That's a tough question!
First things first, any threshold you may choose to determine statistical significance is arbitrary. The fact that most people use a $5\%$ $p$-value does not make it more correct than any other. So, in some sense, you should think of statistical significance as a "spectrum" rather than a black-or-white subject.
Let's assume we have a null hypothesis $H_0$ (for example, groups $A$ and $B$ show the same mean for variable $X$, or the population mean for variable $Y$ is below 5). You can think of the null hypothesis as the "no trend" hypothesis. We gather some data to check whether we can disprove $H_0$ (the null hypothesis is never "proved true"). With our sample, we make some statistics and eventually get a $p$-value. Put shortly, the $p$-value is the probability that pure chance would produce results equally (or more) extreme than those we got, assuming of course $H_0$ to be true (i.e., no trend).
If we get a "low" $p$-value, we say that chance rarely produces results as those, therefore we reject $H_0$ (there's statistically significant evidence that $H_0$ could be false). If we get a "high" $p$-value, then the results are more likely to be a result of luck, rather than actual trend. We don't say $H_0$ is true, but rather, that further studying should take place in order to reject it.
WARNING: A $p$-value of $23\%$ does not mean that there is a $23\%$ chance of there not being any trend, but rather, that chance generates results as those $23\%$ of the time, which sounds similar, but is a completely different thing. For example, if I claim something ridiculous, like "I can predict results of rolling dice an hour before they take place," we make an experiment to check the null hypothesis $H_0:=$"I cannot do such thing" and get a $0.5\%$ $p-$value, you would still have good reason not to believe me, despite the statistical significance.

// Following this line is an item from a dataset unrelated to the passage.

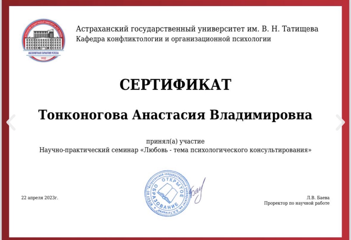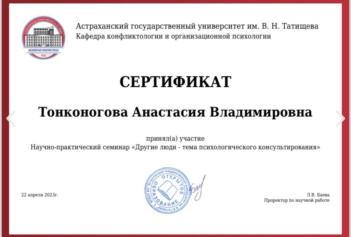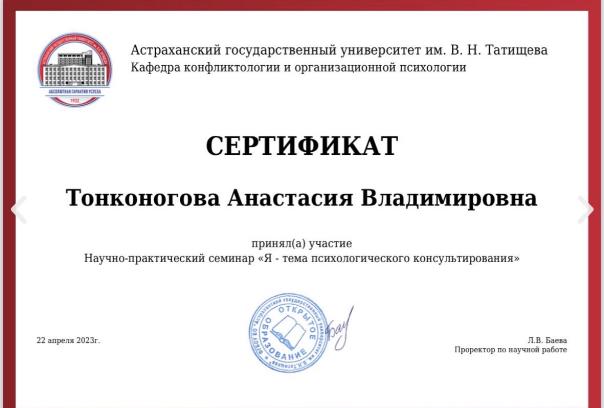 Меня зовут Анастасия Тонконогова, и я – практикующий психолог в Астрахани, который страстно увлечён своей профессией. Постоянно прохожу курсы повышения квалификации, тестирую новые инструменты, оставляя и применяя в работе только самые лучшие и эффективные техники.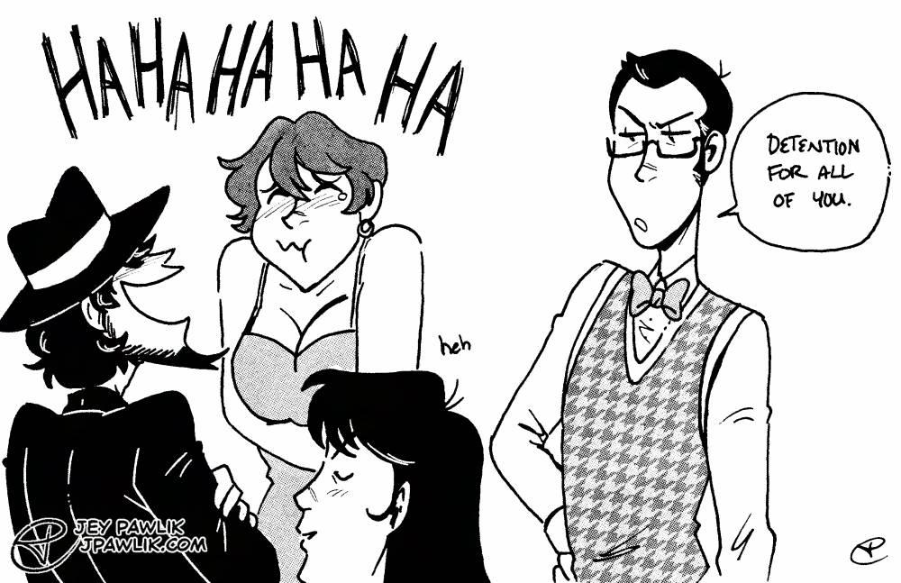 Some more https://lupiniii.club/index.php prompts from earlier this year! Prompts: Zenigata in disguise, Lupin doing Fujiko's nails, Jigen hiding something under his hat, Lupin disguised as a professor.

So, with these ideas in mind, let's go back to your main question. Let's say we want to check if increasing the dose of drug $X$ has an effect on the likelihood of patients that survive a certain disease. We perform an experiment, fit a logistic regression model (taking into account many other variables) and check for significance on the coefficient associated with the "dose" variable (calling that coefficient $\beta$, we'd test a null hypothesis $H_0:$ $\beta=0$ or maybe, $\beta \leq 0$. In English, "the drug has no effect" or "the drug has either no or negative effect."
The results of the experiment throw a positive beta, but the test $\beta=0$ stays at 0.79. Can we say there is a trend? Well, that would really diminish the meaning of "trend". If we accept that kind of thing, basically half of all experiments we make would show "trends," even when testing for the most ridiculous things.
So, in conclusion, I think it is dishonest to claim that our drug makes any difference. What we should say, instead, is that our drug should not be put into production unless further testing is made. Indeed, my say would be that we should still be careful about the claims we make even when statistical significance is reached. Would you take that drug if chance had a $4\%$ of generating those results? This is why research replication and peer-reviewing is critical.
I hope this too-wordy explanation helps you sort your ideas. The summary is that you are absolutely right! We shouldn't fill our reports, whether it's for research, business, or whatever, with wild claims supported by little evidence. If you really think there is a trend, but you didn't reach statistical significance, then repeat the experiment with more data!